Oakland Gets Fireboat

The City of Oakland, Calif., has its first, and only fireboat, acquired from the Navy by the Port of Oakland. The boat went into commission May 28, 1948, following indoctrination of the city’s crews that man the vessel.

The new fireboat “Hoga” is berthed at the foot of Broadway and is a standard steel Navy-type fireboat, measuring 199 ft. length, 271/2 ft. beam and ft. draft. It is capable of 15 knots with two 650 H.P. diesel engines. It has two 2,000 GPM pumps with four monitors and 12 hose outlets. It is reported that plans will be worked out to increase the 4,000 GPM pumping capacity to 10,000 GPM. The boat was built on the Atlantic Coast in 1940 and commissioned in 1941. Navy officers report it took part in quelling the fires during the Pearl Harbor attack.

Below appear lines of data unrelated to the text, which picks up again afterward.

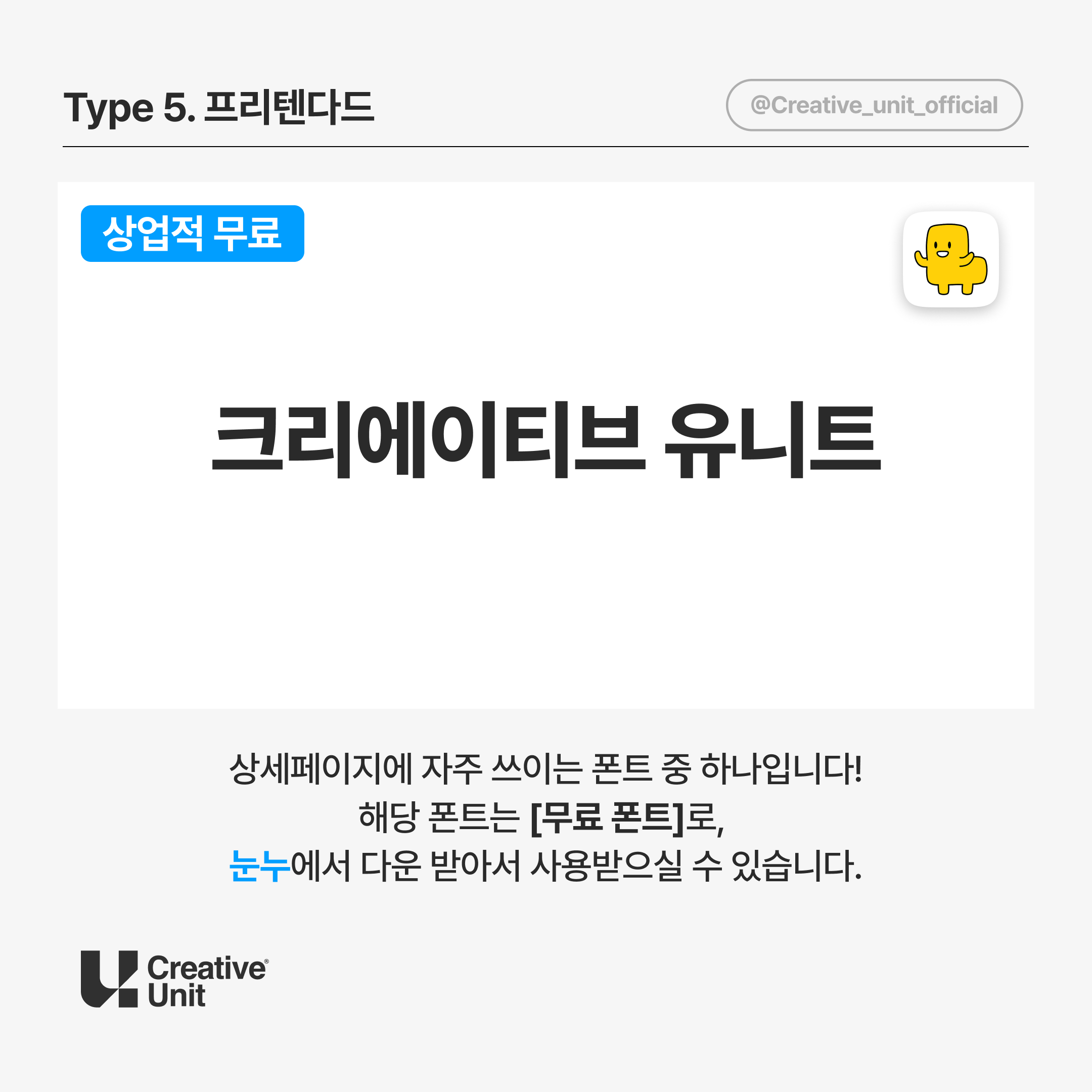 프리텐다드는 모던하고 심플한 느낌을 주는 폰트로, 다양한 디자인에 적합합니다. 이 폰트는 특히 블로그 포스트, 제품 설명 페이지, 간결한 웹사이트 디자인 등에 어울립니다. 가독성이 높고 직관적인 느낌을 주기 때문에 긴 텍스트에도 적합하며, 사용자가 쉽게 읽을 수 있도록 돕습니다. 눈누에서 무료로 다운로드 할 수 있으며, 상업적 사용이 가능하여 다양한 프로젝트에 활용할 수 있습니다.
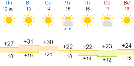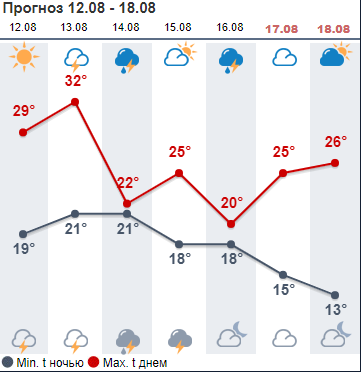 Прогноз Мeteoprog.ua показывает, что в понедельник и вторник воздух прогреется до +29...+32. 13 августа возможна гроза. В среду, 14 августа, температура днем опустится до +22, обещают грозу. Погодный ресурс обещает дождь и в пятницу, 16 августа. Погода на выходных такая: днем +25...+26, переменная облачность без осадков.
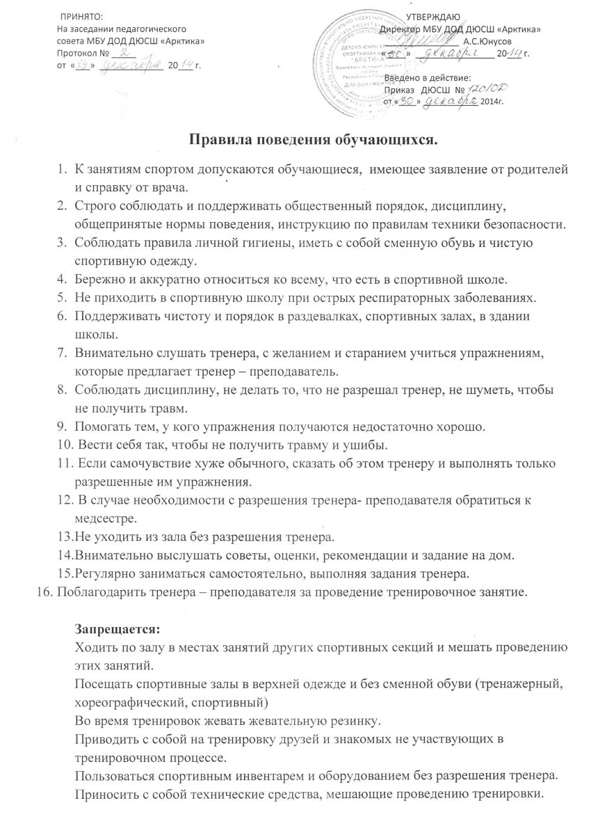 Правила поведения обучающихся МБУ СШ "Арктика"
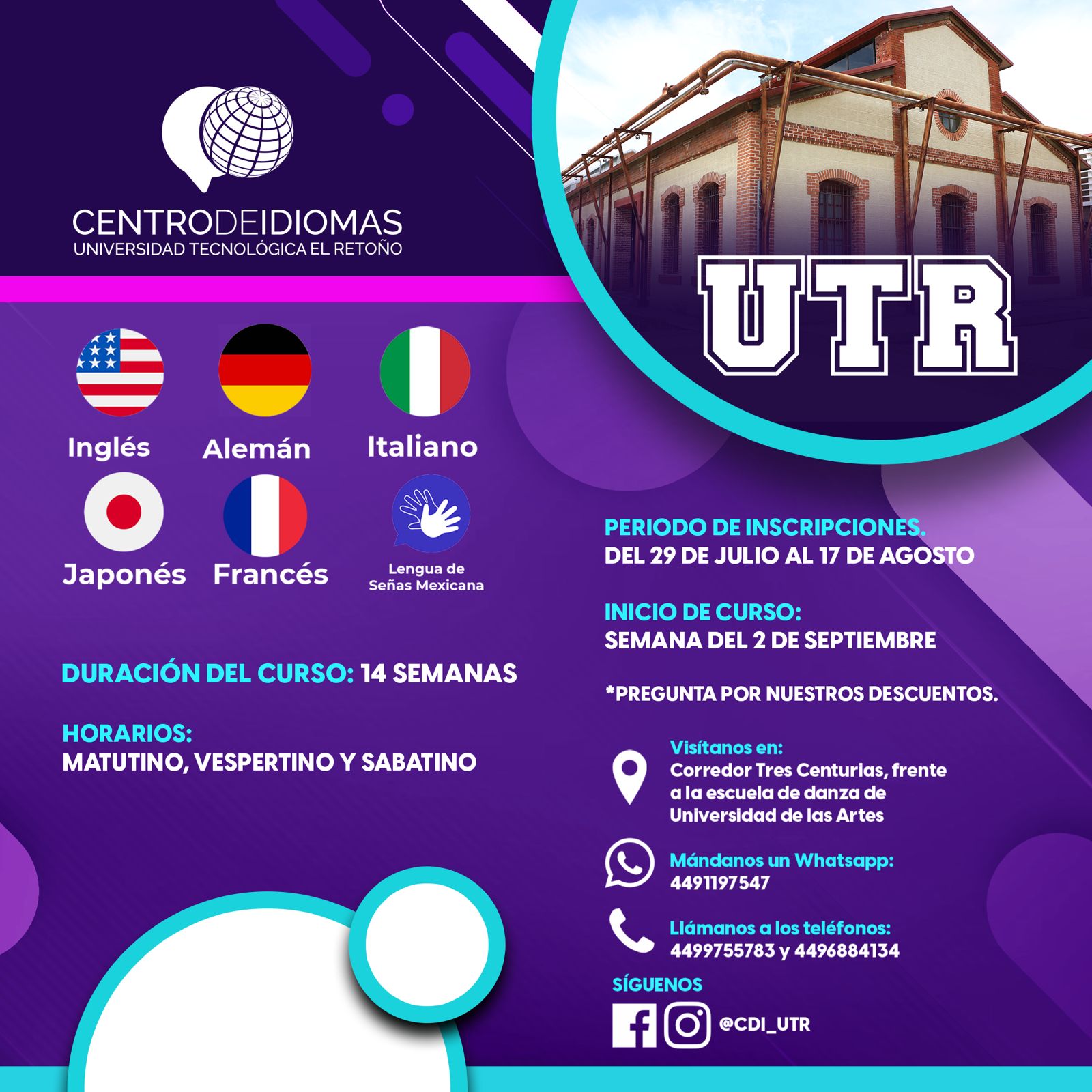 El Gobierno del Estado invita a participar en los cursos de inglés, francés, alemán, italiano, japonés, así como de lengua de señas que imparte la Universidad Tecnológica El Retoño (UTR); el periodo de inscripciones ya está abierto y concluye el 17 de agosto.

At present the fireboat is being maintained and operated in a co-operative arrangement between the city and the Port of Oakland, whereby the port commissioners agreed to prepare a berth for the vessel and a house to accommodate the crew, as well as to carry out the alterations to increase the pumping capacity. In addition, the board defrays the salaries of the marine crew of the vessel comprising pilot, relief pilot, engineer and relief engineer, and to defray cost of maintenance and for complete marine coverage.

The city on the other hand, will defray the cost of the fire department crew to work the vessel, to comprise one fire captain, a lieutenant and ten hosemen with vacations and relief, and also pay for fuel and lubrication.